Burnout and Neurodivergence: Understanding the signs, the research, and the recovery

A couple of years ago I hit a level of burnout that stopped me completely. At the time I was working as a senior nurse, supporting two neurodivergent children, running a household, and clearing the home of a close relative who had recently passed away. From the outside I looked organised and capable, but inside everything was collapsing. I was trying to be everything to everyone, but the weight of it all eventually became too much. My GP signed me off work and it took months before I even began to feel like myself again.

Burnout has affected me more than once in my life, and I see the same pattern in many of the women I work with. It is not a weakness or a lack of resilience, it is a full system shutdown that happens when the demands on a person consistently outweigh their available resources.

Burnout is now recognised as a significant issue, yet for neurodivergent adults it often presents differently and hits harder.

Burnout is more common among neurodivergent adults

Emerging research shows that neurodivergent adults experience burnout more frequently than neurotypical peers. One large UK survey reported that half of neurodivergent employees felt burnt out, compared with 38 percent of neurotypical workers (WTW, 2023). Another study of 800 neurodivergent workers found that more than 40 percent were already experiencing burnout, and many had taken time off because of it (Our Community, 2024).

These figures are based on workplace surveys rather than large scale clinical studies, but the pattern is clear and consistent.

Neurodivergent adults, including those with ADHD and autism, often use more cognitive and emotional energy to manage daily life.
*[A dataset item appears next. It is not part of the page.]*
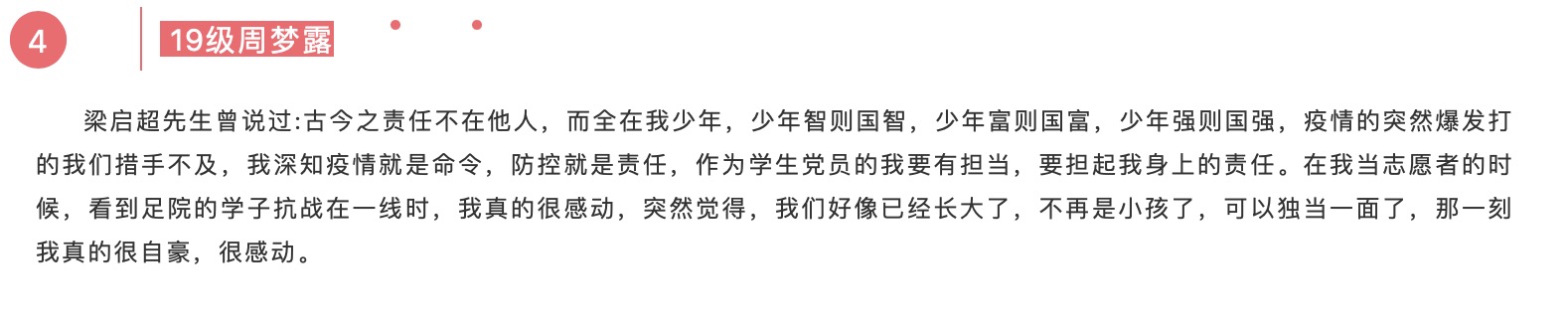 最后,姜梅讲述了2则小故事谈到爱国情怀。在中华民族几千年绵延发展的历史长河中,爱国主义始终是把中华民族团结在一起的精神力量,激励着一代又一代中华儿女为祖国发展繁荣而不懈奋斗。此番疫情,将我们紧紧团结凝聚在一起,共同战疫,更深层次的彰显了“公而忘私,国而忘家”的爱国主义精神。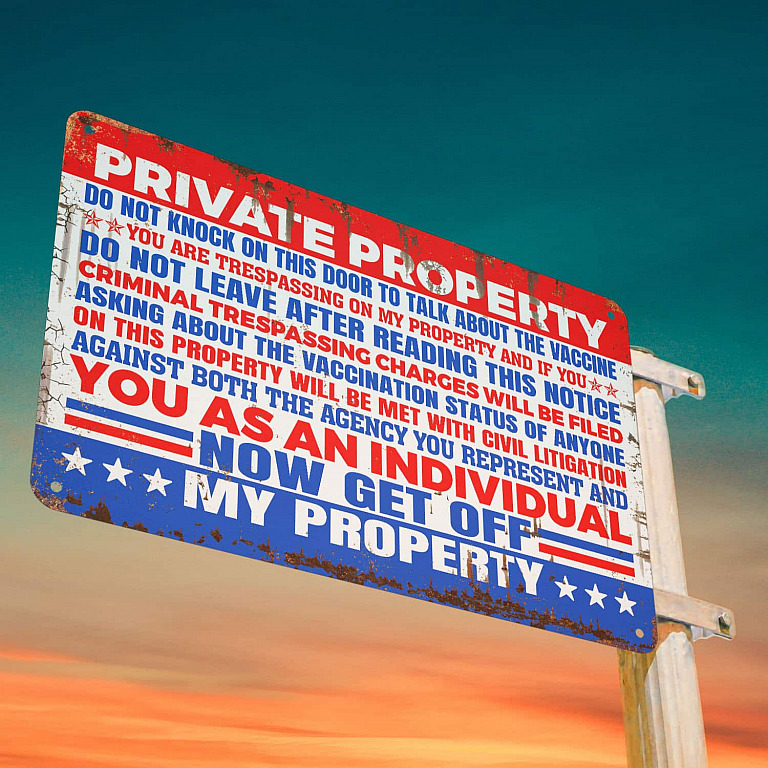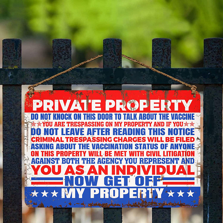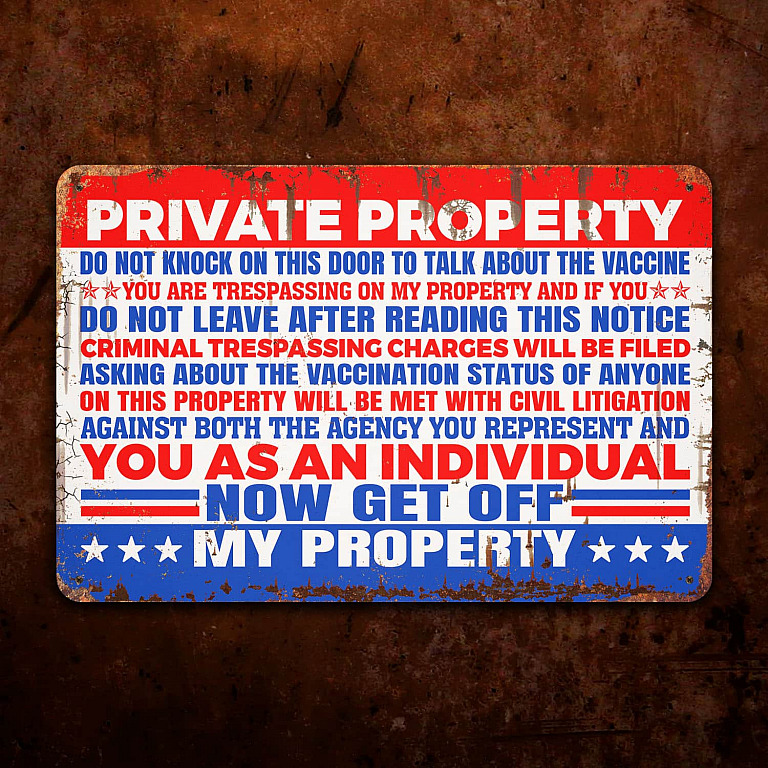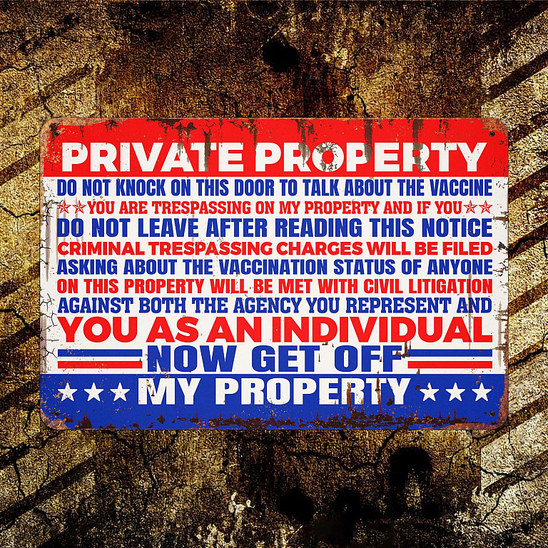 Let’s Shop Private Property Do Not Knock On This Door To Talk About The Vaccine Metal Sign – Anti Vaccine Outdoor Decor!

Executive function demands, sensory input, masking, relationships, and expectations all accumulate. Without adequate support the strain becomes overwhelming.

Autistic burnout is a recognised phenomenon

Within the autistic community, burnout has been recognised and described in detail. Research identifies autistic burnout as profound exhaustion, reduced tolerance to stimulus, and, in some cases, temporary loss of skills (Raymaker et al., 2020). It is linked with chronic stress and a long term mismatch between demands and available support.

The National Autistic Society highlights that autistic burnout is often misunderstood because the outward signs may not align with traditional workplace burnout (National Autistic Society, 2023). It can affect every part of a person’s life, not just their job.

Although this area has stronger research attention than ADHD related burnout, most published studies are small and qualitative. Large scale prevalence data does not yet exist.

Women, ADHD, and burnout: strong indicators but limited data

For women with ADHD the picture becomes even more layered. Clinical experience and emerging literature highlight several factors contributing to burnout risk, including:

  • masking and camouflaging (Hull et al., 2020)

  • late or missed diagnosis

  • emotional regulation challenges

  • hormonal fluctuations including perimenopause and menopause (NICE, 2024)

  • caregiver responsibilities

  • high internal and external expectations

  • perfectionism

  • chronic stress

Many women spend years compensating for ADHD traits without understanding why things feel harder for them than for others. They often achieve highly, at a cost, until the system can no longer cope.

However, despite strong clinical theory, there are no large scale studies specifically measuring burnout prevalence in women with ADHD. This gap highlights the wider issue of underrepresentation of women in neurodevelopmental research (Nadeau, 2020).

How long does recovery take?

Recovery from burnout varies from person to person. In general burnout research, recovery is often estimated to take several months. However, autistic and ADHD related burnout can take significantly longer to recover from.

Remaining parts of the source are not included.